郑蓉蓉淡淡地瞟了我一眼,说:“还是看你没有易容的样子舒服些,明明很小,非要装的跟老人一样。”
我说:“没办法,做非常之事,就得要有非常的手段。”
郑蓉蓉不再说话,而是发动起车子,然后飞奔而去。
第五十四章暗箭难防
第五十四章暗箭难防
路上,郑蓉蓉道:“我第一次给你打电话的时候,你就说要下来了,但是到我跟你第二次打电话时,你还没有下来,这中间都相差了半个小时了,这是怎么回事?你在干什么?”
“我……”我挠了挠头,有些尴尬道:“我好像遇到坏人了。…………”
“遇到坏人了?”
“嗯,我被人给猥亵了。”
郑蓉蓉猛地踩了一脚刹车,我还没有系安全带,巨大的惯性让我一头撞在玻璃上,疼的眼泪横流,呲牙咧嘴,我捂着头道:“你干什么?”

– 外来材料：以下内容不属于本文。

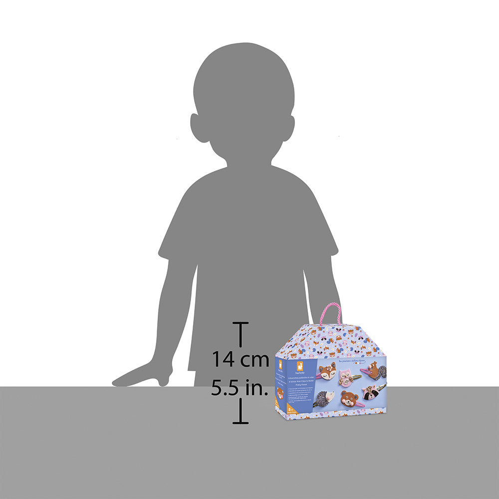 Ajoute une touche automnale à ta coiffure avec ce kit créatif permettant de créer 6 barrettes à paillettes sur le thème des animaux de la forêt ! Adorables, mais aussi funs et étincelants : tout ce qu'aiment les enfants à partir de 5 ans. Ce set propose aux petits artistes de réaliser et de porter ensuite leurs créations ! Il suffit d'un peu de patience et de minutie pour réaliser ses propres accessoires, et porter fièrement : une renarde, une chouette, un hérisson, un ours, un raton-laveur, et un écureuil. Ce coffret contient : 6 barrettes de 5 cm, 3 planches de feutrine prédécoupée et autocollante, 2 planches de matière pailletée prédécoupée et autocollante, 4 pompons, des pastilles autocollantes double-face. Pas besoin de colle ! Un livret est aussi inclus, avec toutes les instructions et les modèles à reproduire avec le contenu du kit. Au total, il faudra compter 10 minutes pour réaliser une barrette, soit environ 1 heure pour créer les 6. Grâce à leur concentration et leur dextérité, les fans de bijoux et d'accessoires seront ravis de créer eux-mêmes leurs petits trésors. Voilà un loisir créatif ludique qui satisfera les amateurs de DIY ! Son plus ? La boîte imprimée et assortie qui prend la forme d’un petit sac à transporter partout ! Ce kit créatif Barrettes Pretty Forest à créer est issu de la collection les Ateliers Bijoux.

郑蓉蓉却惊讶地看着我,道:“你刚才说什么?被猥亵了?”
我继续捂着头,嘟囔道:“我感觉是的。”
郑蓉蓉看我了片刻,然后摇摇头,继续开车,道:“没想到,真是没想到……”
我道:“没想到什么?”
郑蓉蓉道:“没想到连你也开始开玩笑了。”
我说:“我没有开玩笑。”
郑蓉蓉淡淡道:“我不喜欢你这样。”
“我是说真的!”
我一听,顿时急了,把之前遇见的事情给她说了一遍,不过地上看见字的那部分情节,没有讲。

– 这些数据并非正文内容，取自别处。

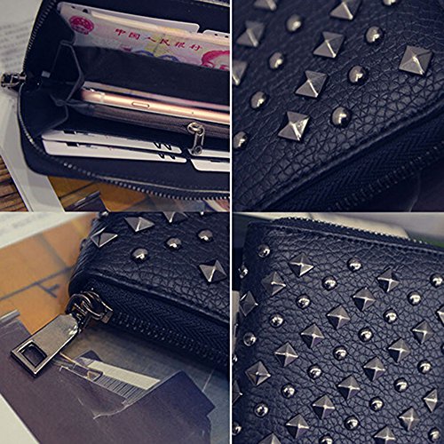 -. Brand : Sanwood -. Color : black -. Department : womens -. Feature : Material: Faux Leather / Size(H x W x T): 10cm x 19cm x 2cm/3.93" x 7.48" x 0.79" (Approx.) / You can use it to storage your card, money and phone in. / Revit decor makes this bag shiny and attractive. Best choice for date, shopping, party and so on. / You still can put your lipstick into it. -. ProductGroup : Shoes -. ProductTypeName : HANDBAG -. Title : Sanwood Faux Leather Cool Fashion Women Punk Style Spike Handbag Rivet Studded Long Wallet Phone Bag

郑蓉蓉听了之后,沉默了一会儿,说:“原来你是被人打晕,然后才摔了一跤。”
我点了点头。
郑蓉蓉说:“我感觉不会是有人在猥亵你。”
我愤愤道:“那他摸我干什么?”
郑蓉蓉说:“你说感觉到有人摸你的时候,你已经快醒了,也就是说这时候袭击你的人肯定都不在了,所以,摸你的人绝不会是袭击你的人,而是救你的那个人。”

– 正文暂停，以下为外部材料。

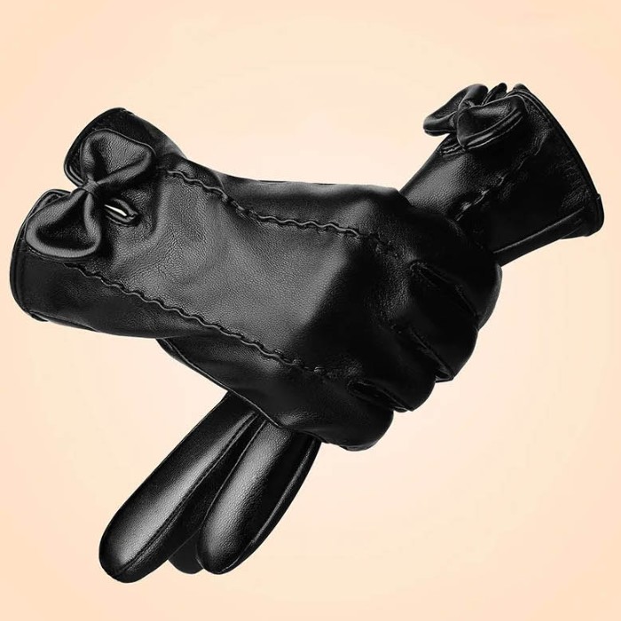 우아한 리본 장식 가죽 장갑 겨울 스마트폰 터치 글러브
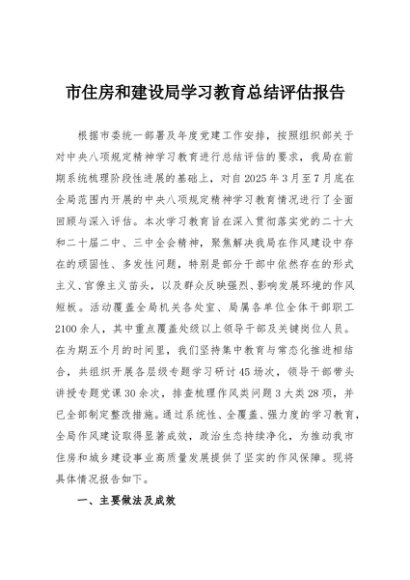 / 【七哥公文】2025年:市住房和建设局学习教育总结评估报告+更多免费公文+VX:QiGeGongWen2024

我愣了一下,道:“有理。难道是救我的那个人在猥亵我?”
我脑海里瞬间出现了一幅画面:我昏睡在山道上,一个浑身脏兮兮的邋遢男人蹲在我身边,一脸淫笑,把魔爪伸进了我的衣服里……
我瞬间恶心的要死。
郑蓉蓉却道:“人家应该也不是要猥亵你,你一个男人,有什么可摸的。或许人家是在找你身上的东西。或许,把你打晕的那个人,是想从你身上找什么东西,救你的那个人救了你之后,摸了摸,是想看看你身上的东西丢了没有。”
“这个我之前也想过,我身上能有什么东西啊,除了这个手机,就是一些零用钱,再说手机和钱都没有丢……”
话未说完,我的脸色猛然一变,不再继续说下去了!
郑蓉蓉道:“怎么了?”
我没有吭声,因为我想起来了,把我打晕的那个人,或许真的是想从我身上找东西,比如说《义山公录》,比如说那个黑铁片……神相令!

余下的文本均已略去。